Finnish flag and independence day

Today is the 97th independence day of Finland. Peace arrived in the mid of winter. Last night at our literature club we discussed the well-known novel, The Unknown Soldier (Tuntematon Sotilas) by Väinö Linna. I received a copy of the English translation of the book at the young age of eighteen from my honey. Now after living here in Finland for almost fifteen years I am glad to be reading it again. I have come to learn how society has been shaped by it’s history. The book tells the experience of war in a rather truthful unglorified manner. All of the stress, fear and feelings can be sensed. My almost six year old in the picture above has been asking me recently why we have wars. One day we were discussing the Ukranian situation with kids, when my eight year old asked me why Russia needs to be so greedy. Difficult questions to answer. I understand the need for the armed forces as their primary task is to protect and defend and in all truth, soldiers are probably the last ones to actually want a war. Always in wars someones gets hurt and families become split and it is a sure test of the human spirit. Below are two links to the Finnish song, “Veteran’s Evening Call”. The first is accompanied by a slideshow of photos from the Finnish wars. The second youtube link is of the same song, but is sung by a compilation of men’s choirs of which many of them are eldery and there are many war veterans standing in the front rows. Almost all of the rest standing behind the veterans are children of veterans. Jorma Hynninen is the solist and their powerful memories of the war is transmitted to younger generations. They are passing down history in the age-old tradition of singing. I think the performance is very powerful.

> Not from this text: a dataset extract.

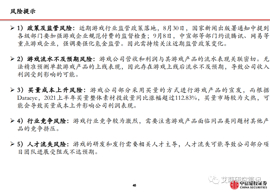 1)政策及监管风险:近期游戏行业监管政策落地,8月30日,国家新闻出版署通知中提到各级部门要加强游戏企业规范付费的监督检查;9月8日,中宣部等部门约谈腾讯、网易等重点游戏企业,强调要强化氪金监管。因此需持续关注近期监管政策变化。2)游戏流水不及预期风险:游戏公司营收和利润与其游戏产品的流水表现关联密切。无法精准预测单款游戏产品的上线表现,因此存在游戏上线后流水不及预期,导致公司收入利润受到影响的可能。3)买量成本上升风险:游戏公司部分采用买量的方式进行游戏产品的宣发,而根据Dataeye,2021上半年买量整体素材投放量同比涨幅超过112.83%,买量市场较为火热,可能会导致买量成本上升影响公司利润表现。4)行业竞争风险:游戏行业竞争较为激烈,需要注意游戏产品面临同品类同题材其他产品的竞争挤压。5)人才流失风险:游戏的研发和发行需要相关人才主导,人才流失可能导致公司部分项目团队进展受阻或不达预期。新消费数据月报 | 负面因素消退,社零增速恢复,小米、美团、B站布局新消费领域【建投传媒互联网】

Traditionally on the Finnish independence day two candles are placed at the windows. The exact origin of the tradition is not known but according to wikipedia, the burning of two candles was used on the February 2nd to commemorate the Finnish poet Runeberg as an action against Russification. The two candles in the window was also used in 1915-1918 to designate safe-houses when Finnish jaeger soldiers secretly made their way from Finland in to Sweden and continued their way into Germany to receive training. It seems as if the two candles in the window are a symbol of independence.

 

In my previous post I promised a recipe for a gluten-free no-bake pumpkin cake in just a few days. It has been more than a few days now but I promise that I have not been sitting lazily on the sofa. In fact it has been quite exciting. I have been creating a new blog that I will be writing in Finnish called, Jenkki mutsi maalla. Jenkki in Finnish is a slang term for American and it probably derives from the word Yankee. Mutsi is slang for mom and maalla means countryside. In other words the name means, Yankee Mom in the Country. I will be working with Kluuvikadun Coffee Roastery and Leipomo J. Martin which is a bakery. I will definitely continue tableofcolors and the intention is that they will not be copies of each other. They may occasionally have the same recipes and perhaps sometimes even the same story but they will live lives of their own.

gluten free pumpkin cake

This cake was originally made for the reception of my friend, Kaisa Peni and the debut of her Christmas recording, Ihme. In my previous post is a sample of her singing. If you click on her name it will bring you to her website. For the English version click on the English tag on her website. It could make the perfect Christmas present for someone special that enjoys peaceful music.

 

Gluten-free Pumpkin Cake (no-bake)
150 g/5.3 oz gluten free gingerbread cookies (I used one package of Semper gluten-free cookies)

Crust

One half of the package of cookies is for the crust and the other half is mixed into the filling
25 g/just under an ounce of melted butter
1 tbsp sugar

Filling

2 dl/1 c whipping cream
2 dl/1 c quark (or other sour dairy product)
1 and 1/2 dl/ 2/3 c pumpkin purée
0.6 dl/ 1/4 c sugar
0.6 dl/ 1/4 c brown sugar
1 tsp cinnamon
dash of cloves and ginger
3 gelatin leaves
1/2 package of gluten-free gingerbread cookies (set aside one or two for garnish)
1/2 dl/ 1/3 c boiling water

Line one 15 cm/6 inch springform with parchment paper. Melt the butter and crush the gluten-free gingerbread cookies and divide into two. Place one half of the crushed cookies into the lined springform. Melt the butter and mix with the crushed cookies in the spring form. Add sugar and mix. Pat firmly to form the crust. Set aside.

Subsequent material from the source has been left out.